If your teen is going to act like a bit of a twat, then he needs to get used to reactions to that. If he wasn’t bothered, I like that. He’s clearly comfortable in his own skin. But he might need his mum to back off a little and let him get his edges smoothed over a bit.

(Disclaimer: id really need to meet both the teen and the FIL to get a true reading of the attitudes involved).

youarenotkiddingme · 20/08/2019 15:08

Unless your DS does not like chips and seriously will not eat burger, nuggets, fish, pie or sausage then I'm afraid asking for sushi or to order elsewhere is not a London boy thing - it is a rude snobbish thing.

FFS it's fish and chips. Not a mud pie!

I get that the piss taking could have seemed like bullying - and maybe did step over a line.

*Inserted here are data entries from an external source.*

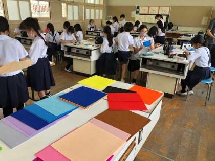 今日の活動はお裁縫。4年生は、物を手作りする基本中の基本、玉結びと玉止めを教わっていました。5・6年生は、用意されたカラフルなフェルトから自分の好きな色を選び、制作に入っています。
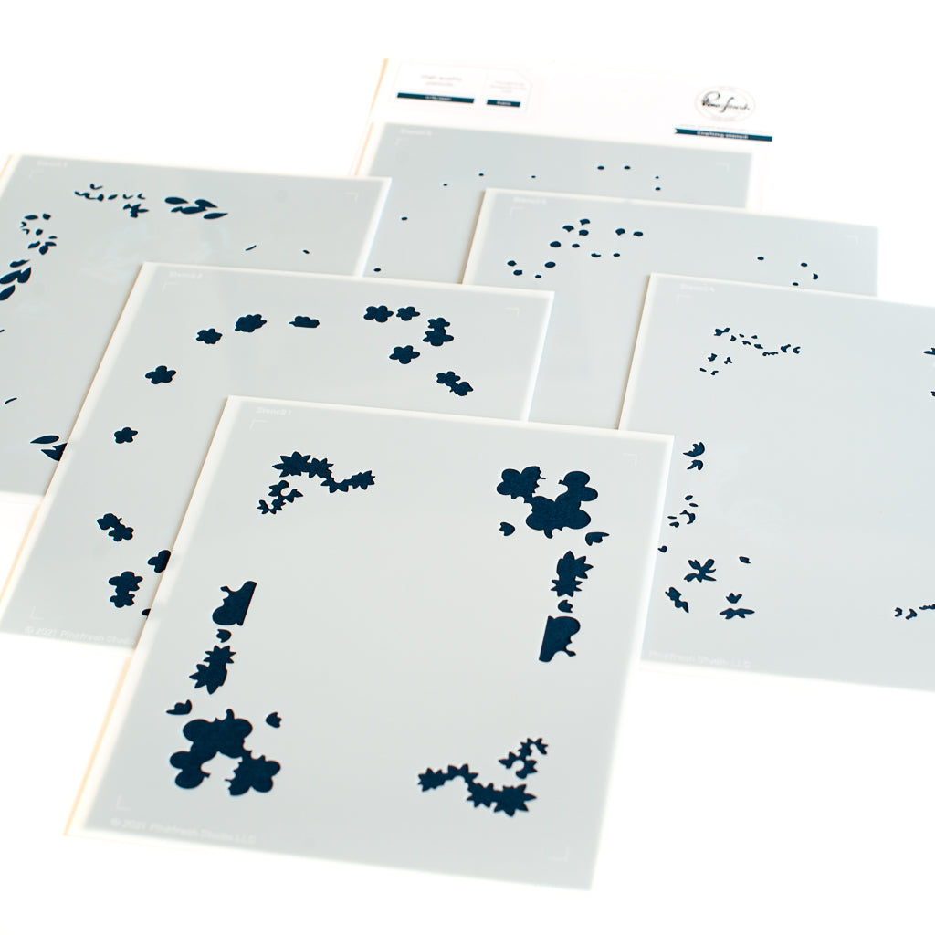 6 piece layering stencil set made to coordinate with the In My Heart stamp set and In My Heart die set. There is a separate stencil for each layer, with guidelines on each stencil for perfect alignment when using alone. When using the stencils with the stamped images you will forego the alignment guides, and instead align each layer to the stamped images.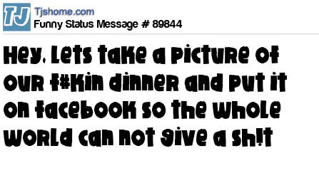 X is hey, lets take a picture of our f#kin dinner and put it on facebook so the whole world can not give a sh!t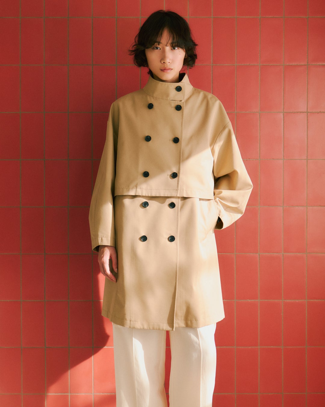 本製品は、2026年スプリングコレクションのシーズンコンセプト「ワークウェア イン ザ オフィス」を象徴するアイテムのひとつです。通勤にも休日にも対応するベーシックなデザインと、三通りで着られる実用性を備えた、オン・オフを横断する汎用性の高いコートです。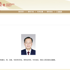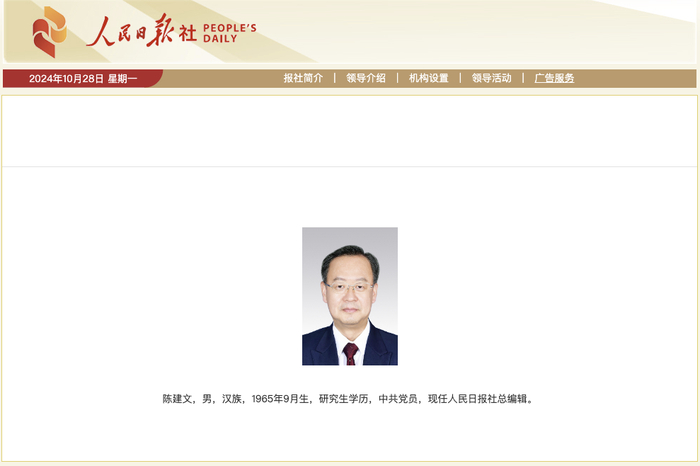 陈建文已任人民日报社总编辑 界面新闻 界面新闻官方账号 10月28日22:14 关注 听新闻 人民日报社官网“领导介绍”栏目信息更新显示,陈建文已任人民日报社总编辑。 陈建文,男,汉族,1965年9月生,研究生学历,中共党员,现任人民日报社总编辑。

But if you visit people you make an effort to fit into their lives. Not make them feel inferior.

And I'm a (more) southern (than you) pansie Wink

jennymanara · 20/08/2019 15:08

There are large regional differences between what is banter and what is bullying. The fact your DS is fine suggests that you may be over reacting OP.

NicyB · 20/08/2019 15:09

Thank you all for replies xx It's not escaping me that I may be suffering from 'over protective monther syndrome' ... But I can't help how I feel.

OP posts:
Gatehouse77 · 20/08/2019 15:11

I would be thinking that if DS wasn’t upset by it then I wouldn’t be making an issue of it. However, I would also take the opportunity to discuss it with the family as a whole and individually. My feelings are still valid and I would want to express them but more from an interesting topic - why was my reaction so different and trying to understand that as much as why others reacted differently.

Armadillostoes · 20/08/2019 15:11

OP-I don't think that the issue is the lack of context. But you don't seem to be willing to ask whether your DS might have also behaved in a way which was less than ideal. Rather than berating yourself for not having been sufficiently confrontational, why not ask how you and your DS might have contributed to the dynamic?

Also, if your DS didn't leave feeling hurt or hit at, then why do you feel it was such a problem?

Namechangeforthiscancershit · 20/08/2019 15:13

West London is not the only place that you can get sushi... Confused Your son was rude for suggesting that he orders from somewhere different.

It does seem though like (leaving the food business aside) your son was fine with it, and the long history may have been clouding your view.